Results were similar for hypoglycemic reference values compared with GW2B values obtained during the IV insulin test and those obtained at other times (Table 1). Among 45 subjects undergoing the IV insulin test, the reference glucose nadir was ≤60 mg/dL in 34 subjects wearing 48 GW2Bs during the test. Of these, the GW2B nadir was also ≤60 mg/dL for 12 (25%) cases, 61–80 mg/dL for 27 (56%), 81–100 mg/dL for 8 (17%), and >100 mg/dL for 1 (2%). Among the 11 subjects wearing 16 GW2Bs in whom the reference glucose nadir was >60 mg/dL, the GW2B nadir was ≤60 mg/dL in 1 of the 16 (6%).
For a hypoglycemia alarm setting of 60 mg/dL, GW2B sensitivity for detection of an actual serum glucose level ≤60 mg/dL (based on the reference glucose value) would be 23%; 51% of alarms would be false. The reference glucose was >80 mg/dL for 18% of these GW2B alarms ≤60 mg/dL. As can be seen in Table 2, greater sensitivity for detecting a true glucose value ≤60 mg/dL would be achieved by raising the alarm setting, but this is at the expense of progressively higher false alarm rates.
During overnight monitoring (11:00 PM to 6:00 AM), the GW2B reported 21 hypoglycemic episodes occurring in 16 subjects. A reference glucose value was obtained during 18 of the episodes. Hypoglycemia (reference value ≤60 mg/dL) was confirmed in 10 (56%) of the 18 episodes. In the 8 non-confirmed episodes, the lowest reference glucose value ranged between 75–108 mg/dL.
CGMS
The reference glucose was ≤60 mg/dL for 401 of the 6,778 CGMS-reference glucose paired values. For the 401 reference glucose values ≤60 mg/dL, the median absolute difference of the CGMS values was 19 mg/dL; 42% of sensor values were within 15 mg/dL of the reference value. There were 356 CGMS-reference glucose pairs from original CGMS sensors and 45 pairs from modified sensors. The median absolute difference was 20 mg/dL for the original sensors compared with 15 mg/dL for the original sensors (p=0.09).

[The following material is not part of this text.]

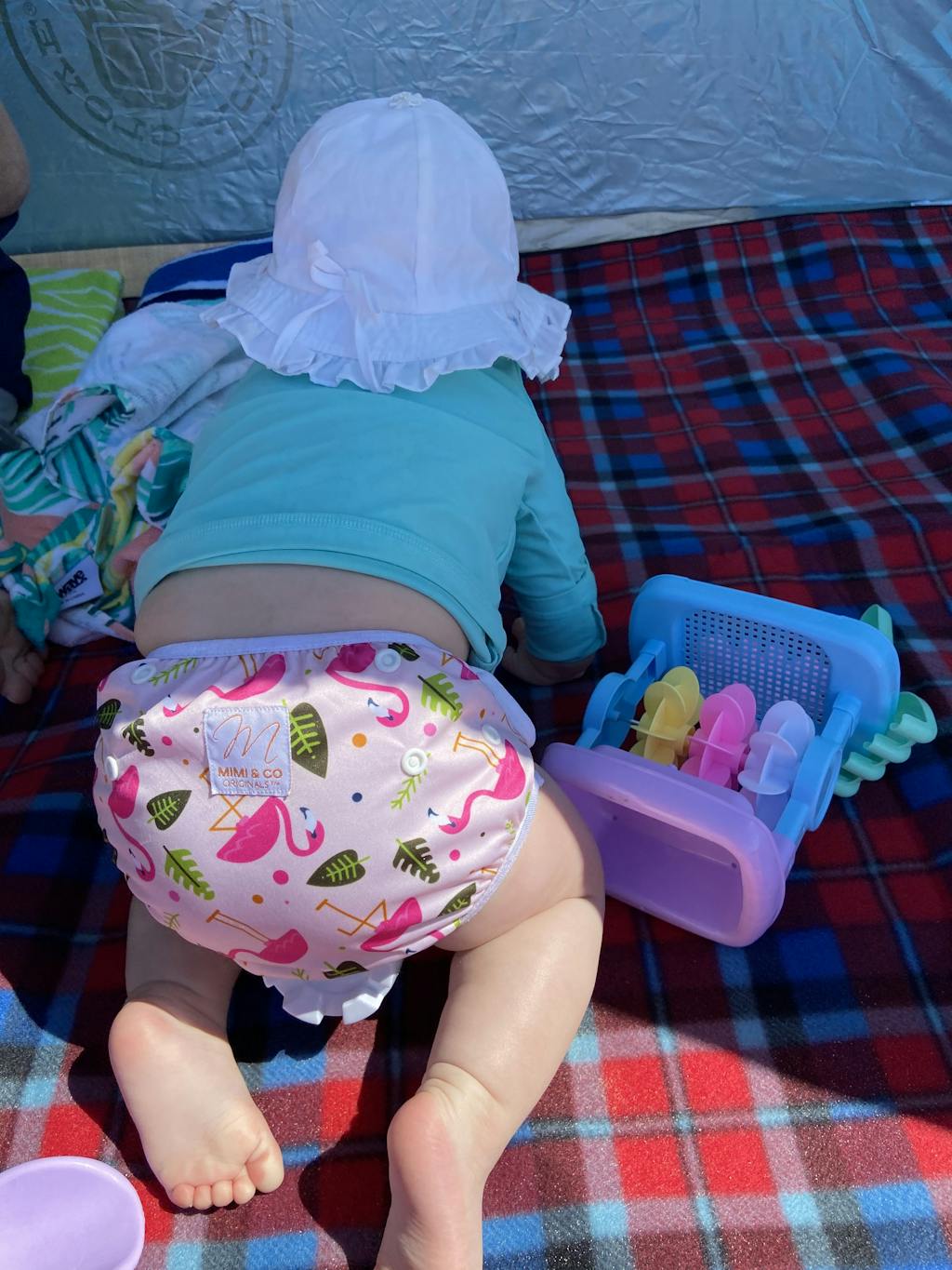 I started with just 7 Mimi and co nappies, as I was a little nervous to spend big before I was ready to commit to the reusable process. I also bought some econaps, as I got a good sale price. Well, It’s been a world of difference. To compare they don’t have a catch at the back, and poo often goes up his back. The econap inserts also have all crinkles and gone really hard, and my baby gets nasty line marks on his skin from the inserts. I’ve shown some pictures to compare. Econaps on the right, Mimi and co inserts on the left.
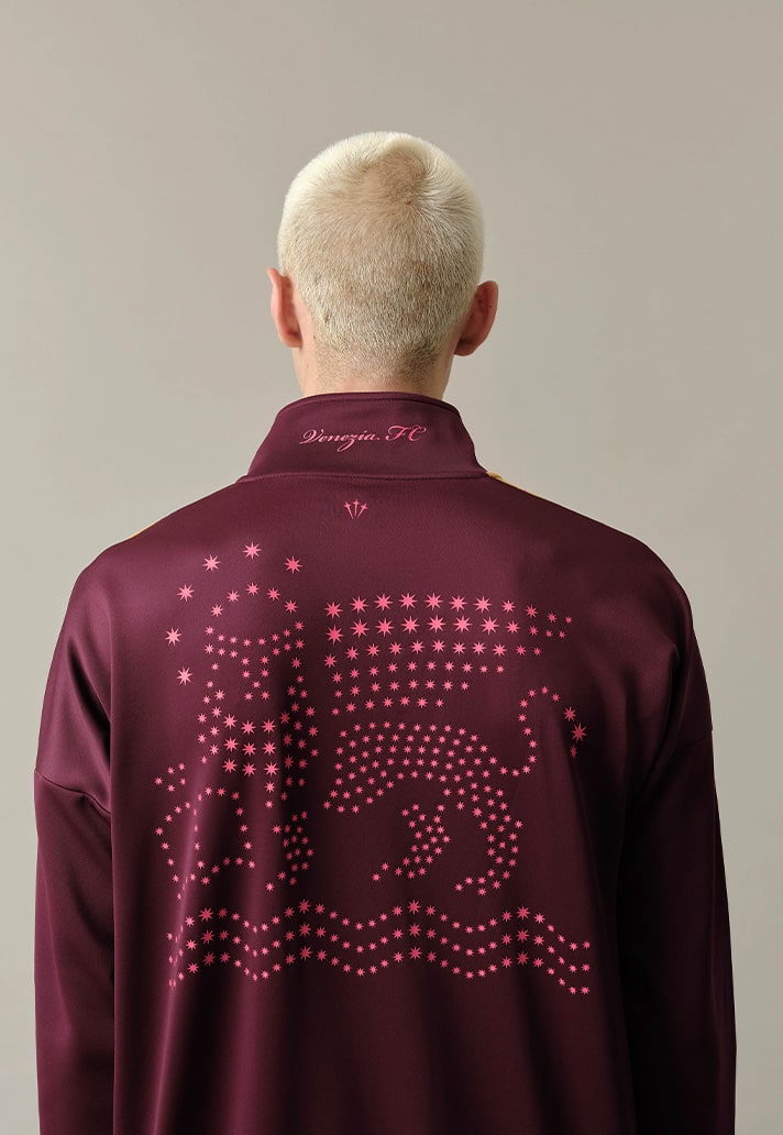 Then there’s the second jacket, which switches up the tone a little. A deep burgundy base, gold detailing, and a flash of orange shoulder tape. It paints a different picture. But the standout feature? The Winged Lion of Saint Mark (the eternal symbol of Venice) has been reimagined as a constellation, inspired to connect Venezia’s legacy with its next chapter.

Results for hypoglycemia occurring during the IV test and at other times are presented in Table 1 for the original and modified sensors. During the IV insulin test, the reference glucose nadir was ≤60 mg/dL in subjects using 51 original sensors and 3 modified sensors. For the 51 original sensors, the sensor nadir was ≤60 mg/dL in 26 (51%), 61–80 mg/dL in 11 (22%), 81–100 mg/dL in 12 (24%), and >100 mg/dL in 2 (4%). For the 3 modified sensors, the sensor nadirs were 42, 48, and 77 mg/dL. Among the 10 subjects wearing 14 original CGMSs in whom the reference glucose nadir was >60 mg/dL, the CGMS nadir was ≤60 mg/dL in 2 of the 14 (14%). Among the 6 modified CGMSs worn by 3 subjects in whom the reference glucose nadir was >60 mg/dL, the CGMS nadir was also >60 mg/dL in all 6.
Since the CGMS is retrospectively calibrated, real-time sensitivity for detection of hypoglycemia cannot be assessed. However, we evaluated the data as if the same level of accuracy would be present with prospective calibration. For an alarm setting of 60 mg/dL, the sensor sensitivity for detection of a glucose level ≤60 mg/dL (based on the reference glucose value) would be 36% for the original sensors and 49% for the modified sensors (p=0.37), and 63% and 58% respectively of alarms would be false. The reference glucose was above 80 mg/dL for 39% and 15% of these original and modified CGMS alarms ≤60 mg/dL, respectively. As with the GW2B, greater sensitivity for detecting a true glucose value ≤60 mg/dL is achieved by raising the alarm setting, but this is at the expense of a higher false alarm rate (Table 2).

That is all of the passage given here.